En fond de scène, le public est assis en hauteur sur une tribune. On recense sept femmes et cinq hommes. Des demi-colonnes, ornées de rideaux, supportent cette tribune d’où les spectateurs observent les danseurs. Au centre on aperçoit une lyre, posée sur un socle.
Au centre et au premier plan un homme et deux femmes dansent. Le danseur mouchète verticalement son pied droit derrière le mollet gauche (tandis que les danseurs précédents effectuaient ce mouvement à l’arrière du tibia droit). Il évolue sur la pointe gauche, ouverte en troisième au sol. Le mouvement, du genou au pied, est ouvert à la seconde. Néanmoins, cette ouverture n’est pas visible au niveau des hanches. Par conséquent le buste est légèrement tourné vers sa droite. Le danseur porte deux couronnes fleuries, positionnées au-dessus des têtes des deux danseuses.
La jeune femme de gauche effectue un dégagé de la jambe droite devant, pointe tendue. Le dégagé se fait sur la demi-pointe gauche ouverte en troisième position24. D’ailleurs l’ouverture de la jambe droite à partir de la hanche est très visible, bien que celle-ci soit masquée par la longue robe. La danseuse de droite fait un mouvement semblable, mais en symétrie. Elles dansent en tenant une guirlande fleurie, semblable à celle que tient Terpsichore en haut de l’image.
Nous pouvons noter des similitudes avec le brevet précédent datant lui aussi de 1809.
Les structures sont identiques : les brevets sont partagés en trois. En haut on aperçoit des nymphes ou des anges, des instruments de musique et des feuillages. Ces plateaux sont séparés de la scène principale par les maximes. Au milieu on assiste à la prestation dansée, tandis que la partie basse des documents est réservée au titre, au texte et aux signatures, ornée d’anges, de déesses et de fleurs pour le brevet n°2 et d’une nouvelle maxime pour le brevet n°3.

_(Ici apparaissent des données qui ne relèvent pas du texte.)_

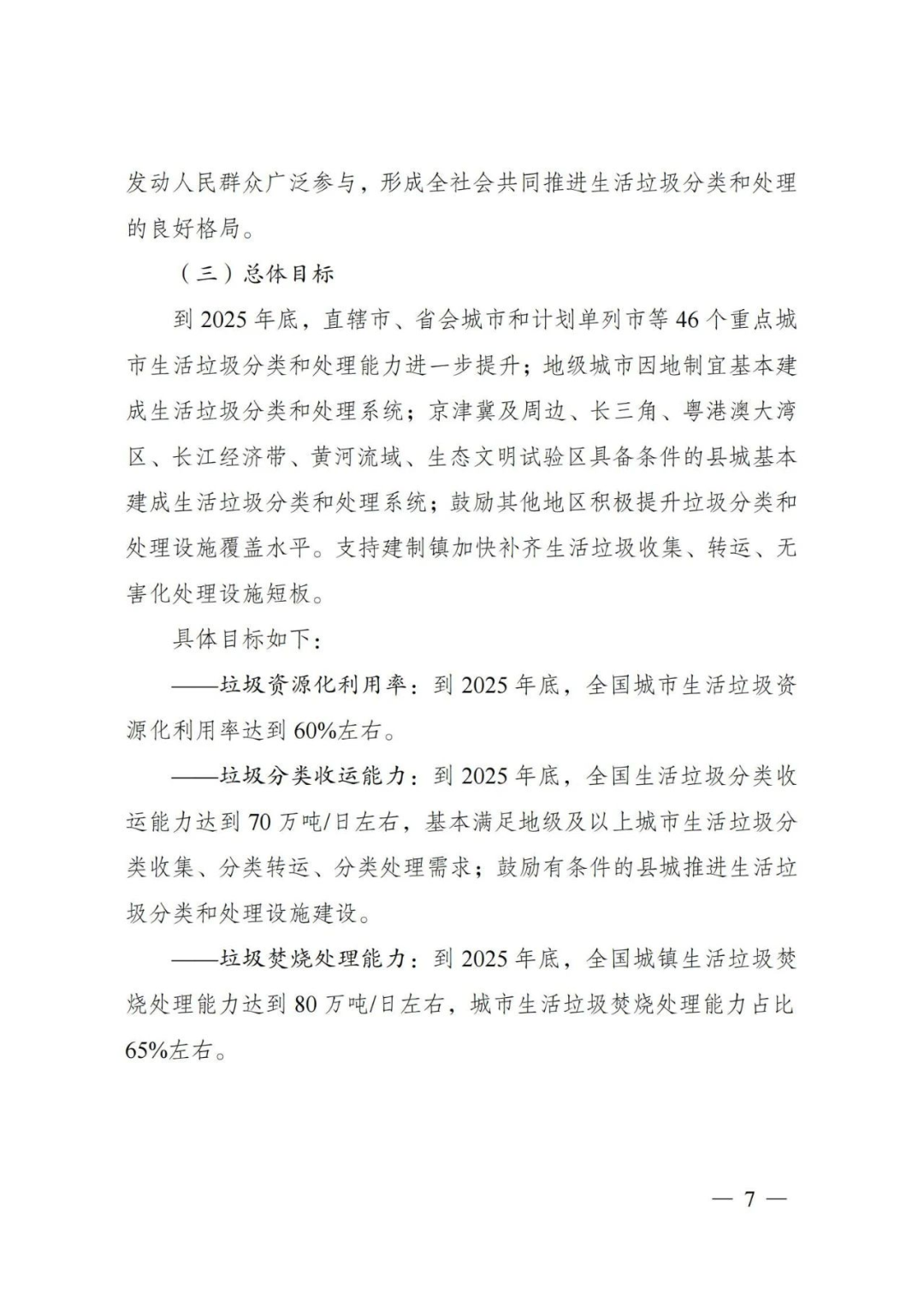 到2025年底,直轄市、省會城市和計劃單列市等46個重點城市生活垃圾分類和處理能力進一步提升;地級城市因地制宜基本建成生活垃圾分類和處理系統(tǒng);京津冀及周邊、長三角、粵港澳大灣區(qū)、長江經(jīng)濟帶、黃河流域、生態(tài)文明試驗區(qū)具備條件的縣城基本建成生活垃圾分類和處理系統(tǒng);鼓勵其他地區(qū)積極提升垃圾分類和處理設施覆蓋水平。支持建制鎮(zhèn)加快補齊生活垃圾收集、轉運、無害化處理設施短板。
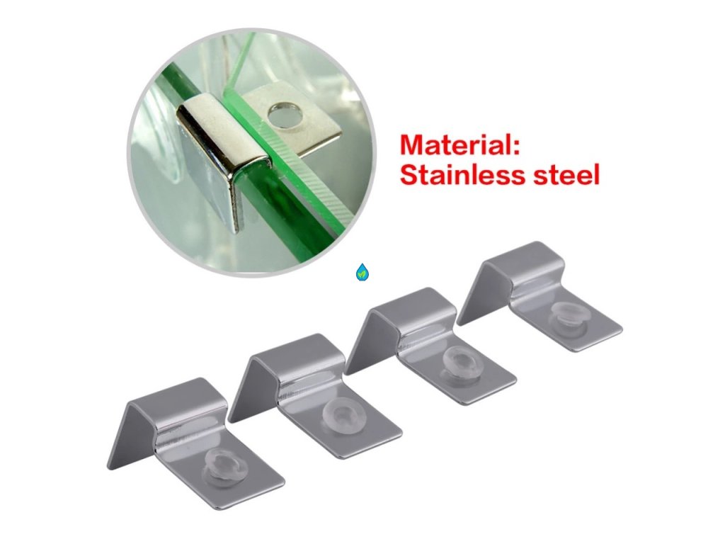 Umiestnením týchto kovových držiakov na bočné steny akvária vytvoríte úchyt na krycie sklá.
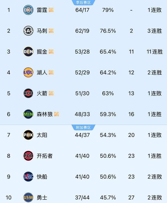 因此,西部前10大概会是雷霆、马刺、掘金、湖人、火箭、森林狼、太阳、开拓者、快船以及勇士,湖人首轮对火箭。大家认为呢?
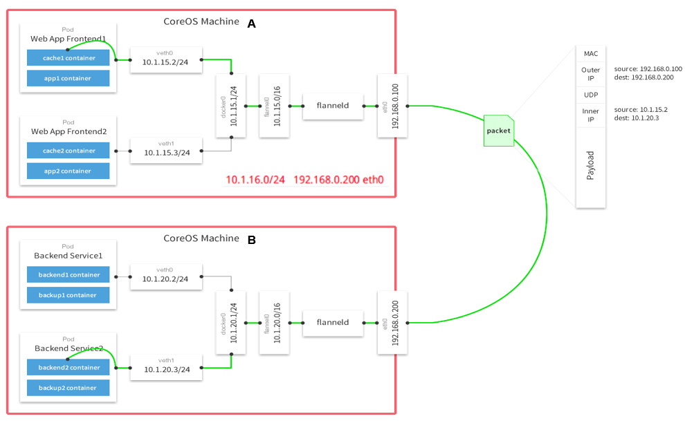 从这个图片里面里面可以看出两台机器的docker0分别处于不同的段:10.1.20.1/24 和 10.1.15.1/24 ,如果从Web App Frontend1 pod(10.1.15.2)去连接另一台主机上的Backend Service2 pod(10.1.20.3),网络包从宿主机192.168.0.100发往192.168.0.200,内层容器的数据包被封装到宿主机的UDP里面,并且在外层包装了宿主机的IP和mac地址。这就是一个经典的overlay网络,因为容器的IP是一个内部IP,无法从跨宿主机通信,所以容器的网络互通,需要承载到宿主机的网络之上。
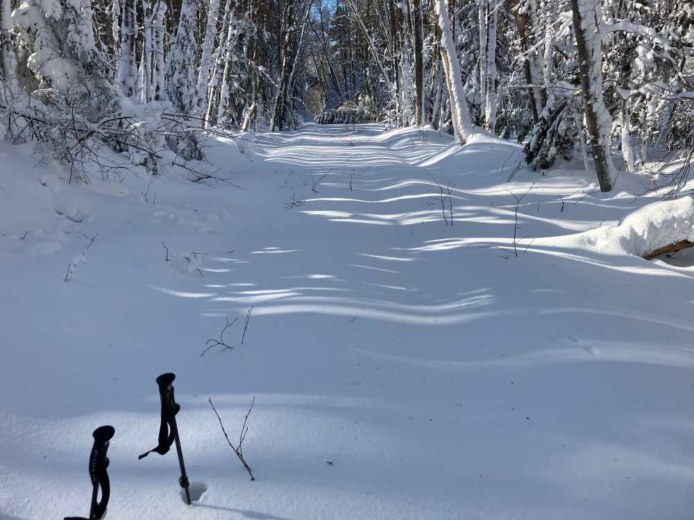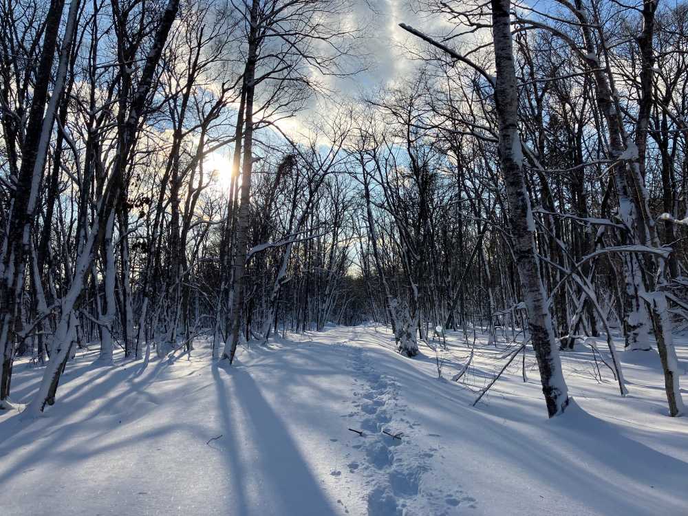 帰路は自分の足跡をなぞるように歩いたのでラッセルもなく往路の半分の体力で戻れました。今シーズンは12月は寒く、積雪が早く来たので1月~2月はもしかしたら暖かいのか・??いつもと違うパターンの冬なので先が読めない感じです。
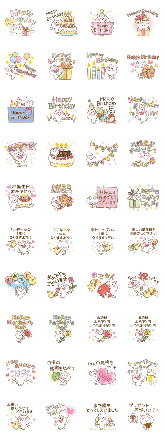 誕生日をお祝いするスタンプです。カラフルでハッピーなスタンプがいっぱい。楽しく可愛く記念日を盛り上げましょう。母の日と父の日のスタンプもありますよ。

Les décors sont similaires : on retrouve les colonnes, les rideaux de scène, les feuillages et les fleurs sur les deux diplômes.
Les spectateurs sont placés en fond de scène, en demi-cercle, tandis que les danseurs évoluent, entourés des danseuses, au centre de la scène.
Au sommet du brevet n°3, Terpsichore et Euterpe sont reproduites. Elles sont personnalisées fort probablement sur le brevet n°2, à chaque extrémité de la scène : à gauche, figure la déesse de la musique, à droite celle de la danse. Terpsichore est également suggérée à deux reprises dans le cadre du bas du brevet, à gauche et à droite.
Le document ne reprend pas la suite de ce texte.